"It has just been announced that Australia, the USA and the UK have formed a pact that will, among other things, involve Australia building nuclear-powered submarines for the first time. At the time of writing (16th Sept 2021) there is a dearth of detail so assessing the significance is difficult.
To take a step back first, one has to wonder why the UK is committed, by treaty, to come to the aid of other NATO countries while we are not obliged to come to the aid of Australia. After all, some of the NATO countries were our Warsaw Pact enemies and are countries with which we have few, if any, historical links. Australia by contrast is not just a friend or ally. Australia is, literally, family. So, committing the UK to the defence of Australia would be a right and natural thing to do, if that is what the pact actually means.

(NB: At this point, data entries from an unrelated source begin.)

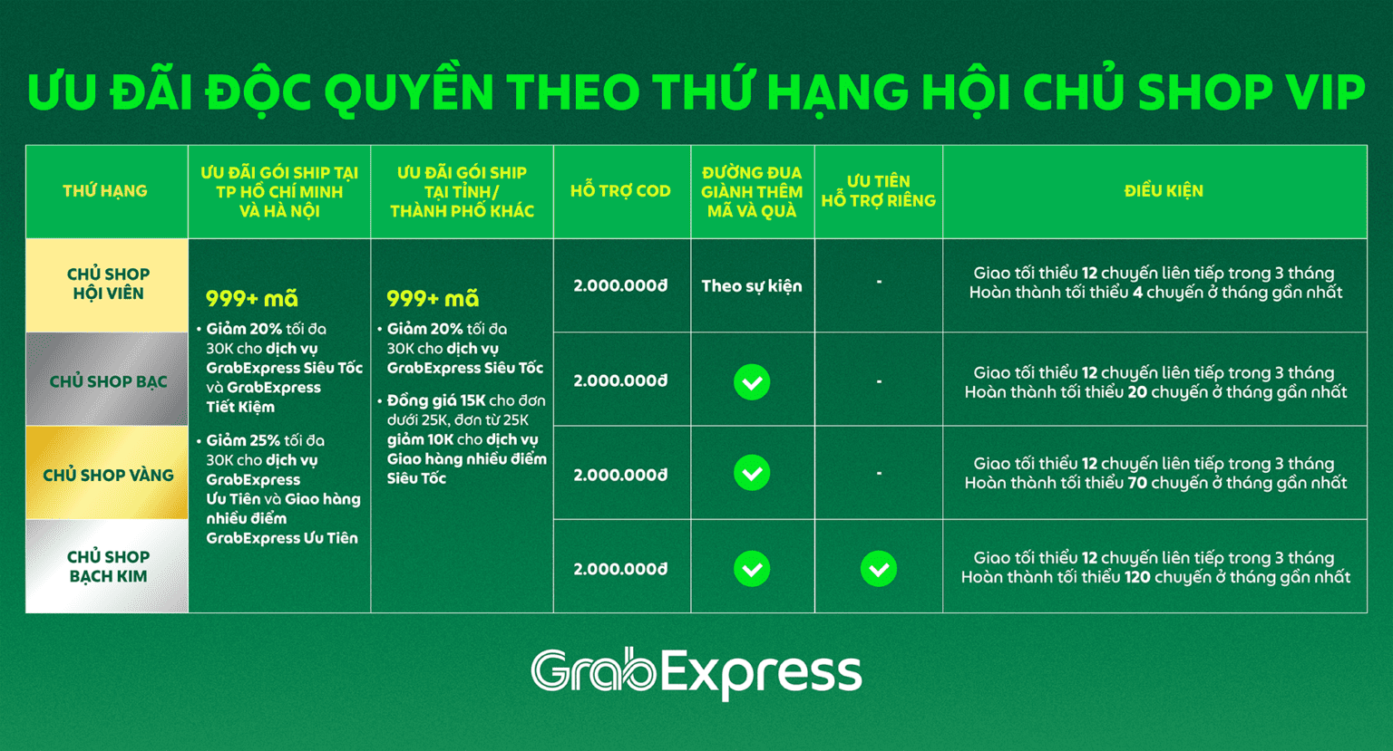 – Chủ Shop cần hoàn thành tối thiểu 12 chuyến và giao đơn liên tục trong vòng 03 tháng để đủ điều kiện trở thành Hội viên.
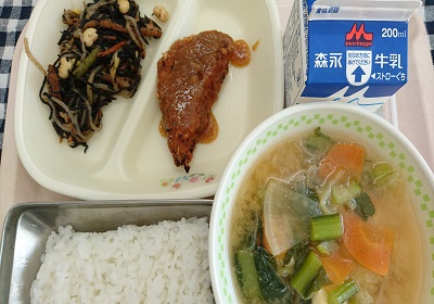 今日の給食は、ごはん、まぐろのごまみそかけ、ひじきと大豆の煮物、厚揚げと小松菜のみそ汁 です。
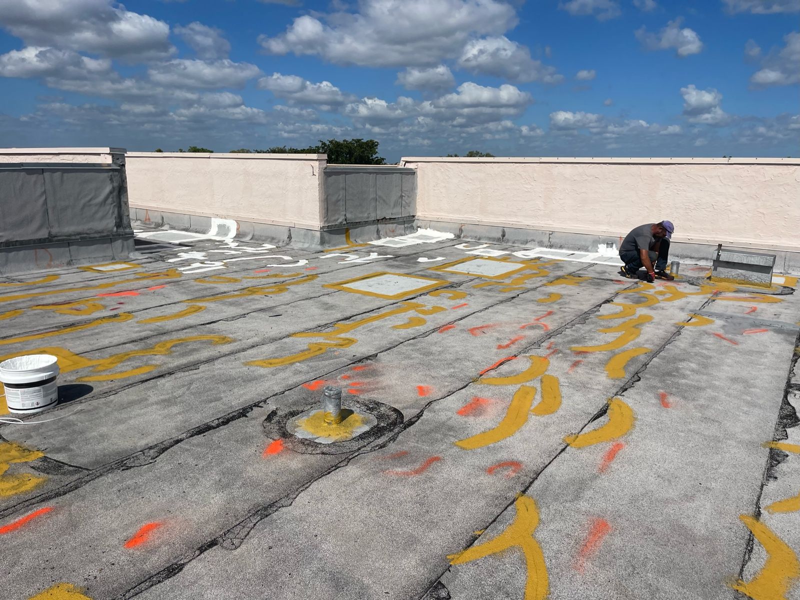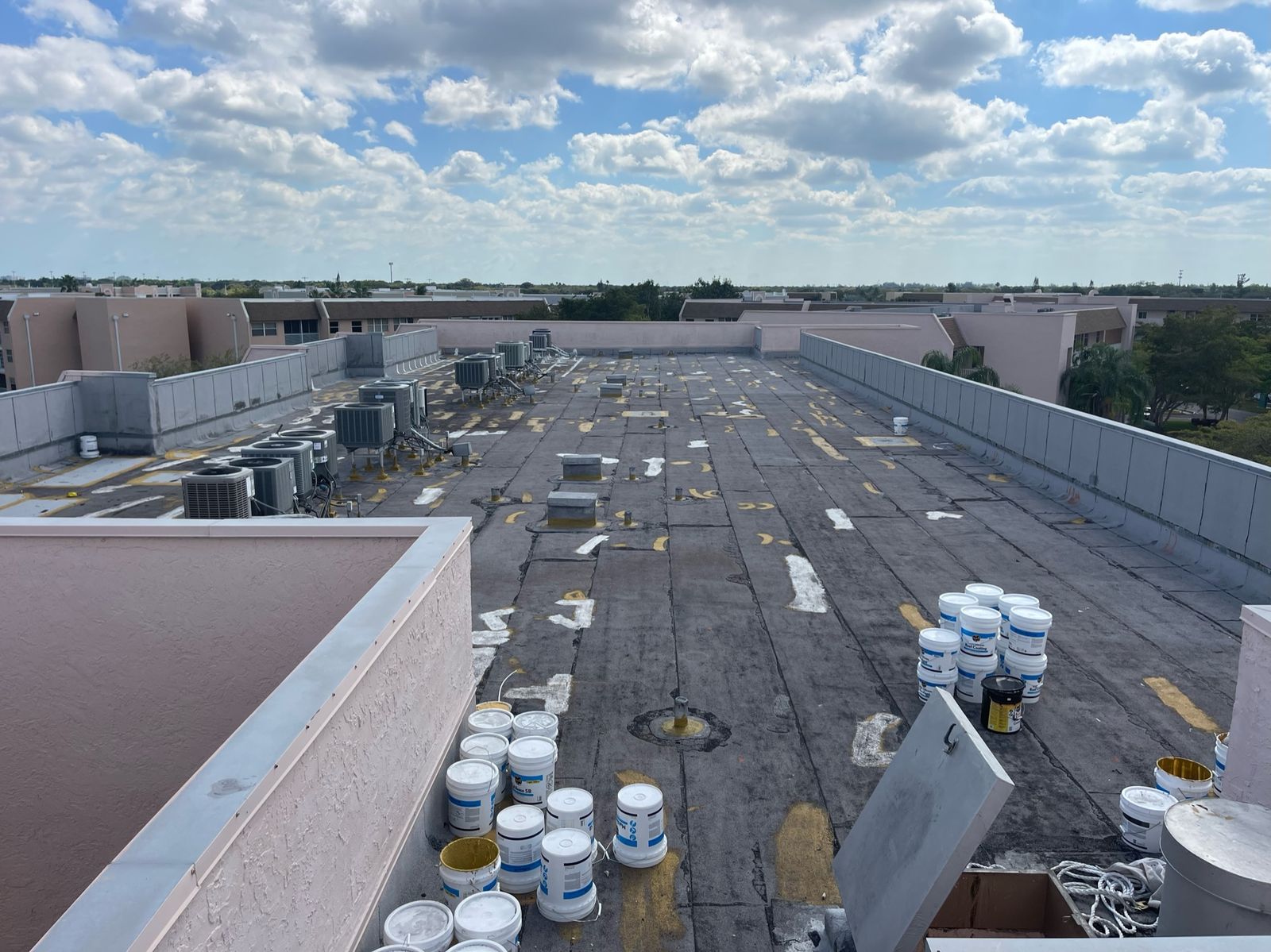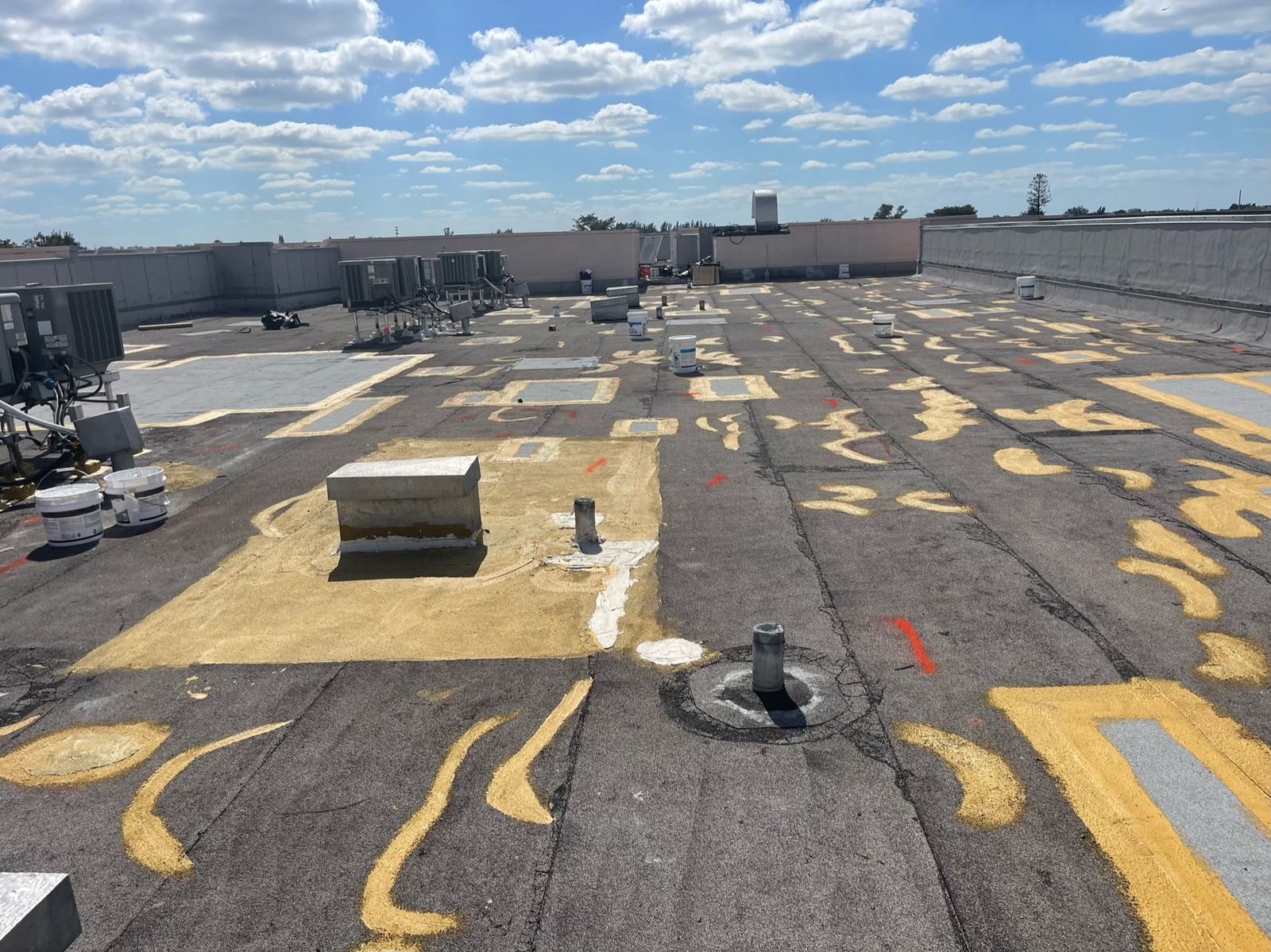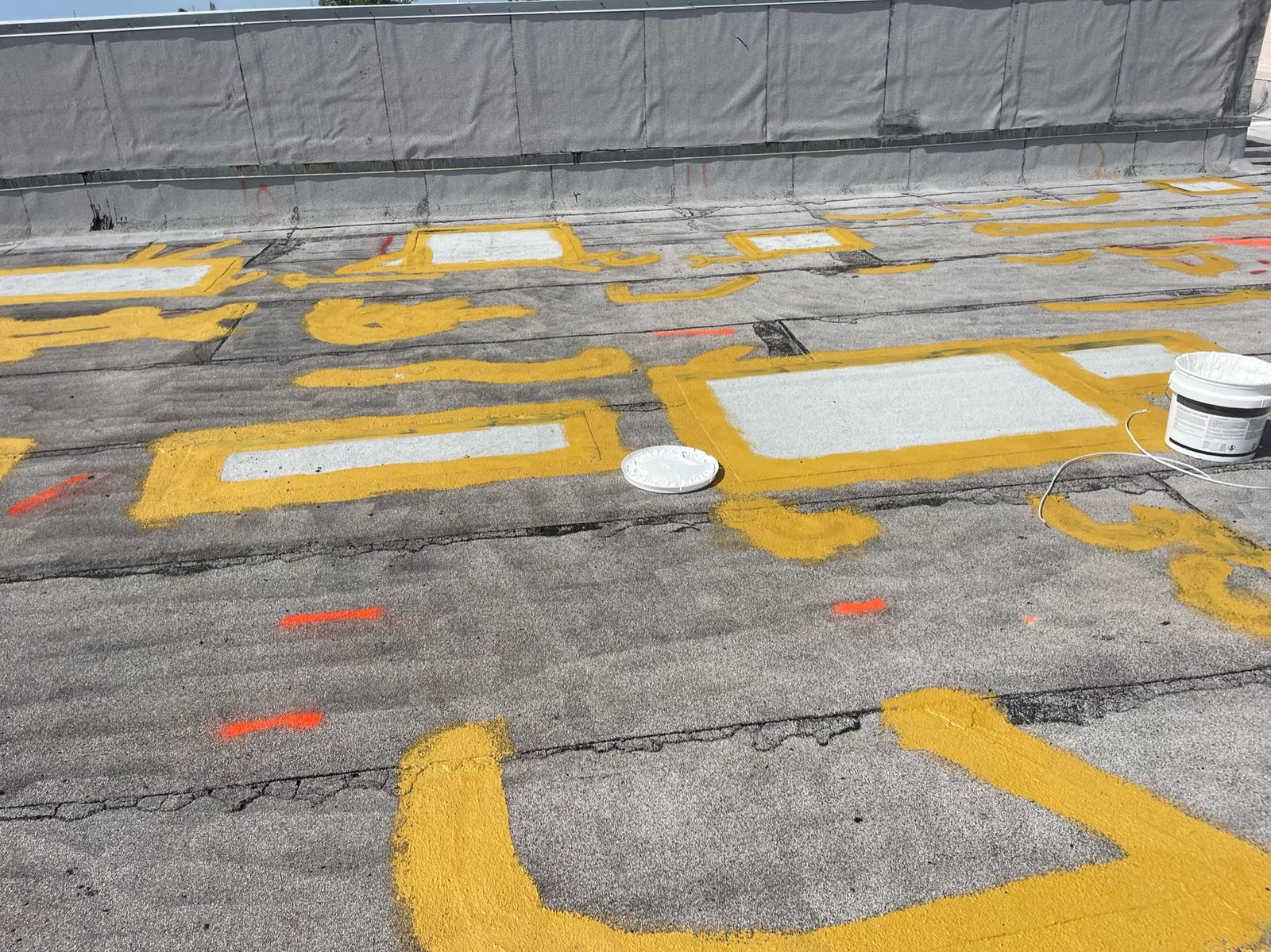 The project began with a comprehensive moisture survey and adhesion (bonding) testing to verify substrate conditions and system compatibility. Once confirmed, the roof surface was thoroughly cleaned and prepared to ensure proper adhesion of all restoration materials.

As for the details, they are currently lacking. Australia’s original plan was to build under licence twelve “Short-fin Barracuda” class submarines of French design. The Barracuda class will enter French Navy service powered by French nuclear reactors but these “Short-fin Barracudas” were to have the nuclear propulsion replaced by a mixture of conventional diesel-electric propulsion plus air-independent propulsion. They would have been the biggest, most expensive and advanced conventional submarines in the world and a significant advance on the six Collins class boats in service at present. It has been reported that these French-designed submarines would have been fitted with much of the sensors and weapons currently employed on the US Virginia class boats.
So what don’t we know? Will Australia still be buying twelve boats? And what sort - the UK Astute class or the US Virginia class? How will a country with relatively little nuclear expertise like Australia cope with a fleet of nuclear-powered submarines? It would presumably make Australia dependent upon the US (and the UK?) to a degree the Short-fin Barracudas would not. What about timing? There have already been concerns expressed about timing. One would want the new boats, whatever they are, to come into service as the Collins class are retired otherwise there will be a short-to-medium term dip in Australian submarine numbers before numbers rise longer-term. If there is conflict with China in the short-to-medium term these new boats might not be available in time to make a difference.
On a more parochial level, the Royal Navy has already lost key personnel to the Royal Australian Navy, including to their submarine service. This announcement opens up the possibility of RN nuclear engineers leaving Faslane for sunnier climes and thus creating an issue for the RN.
Until we have some details of the new arrangement we will all have to suspend judgement. The contract with France to build the twelve Short-fin Barracudas, fitted with advanced US weapons and sensors, looked like an exciting and significant leap forward in numbers and quality for the RAN submarine service. Let us hope the new arrangement is at least as good, but until we have some detail, no-one can tell.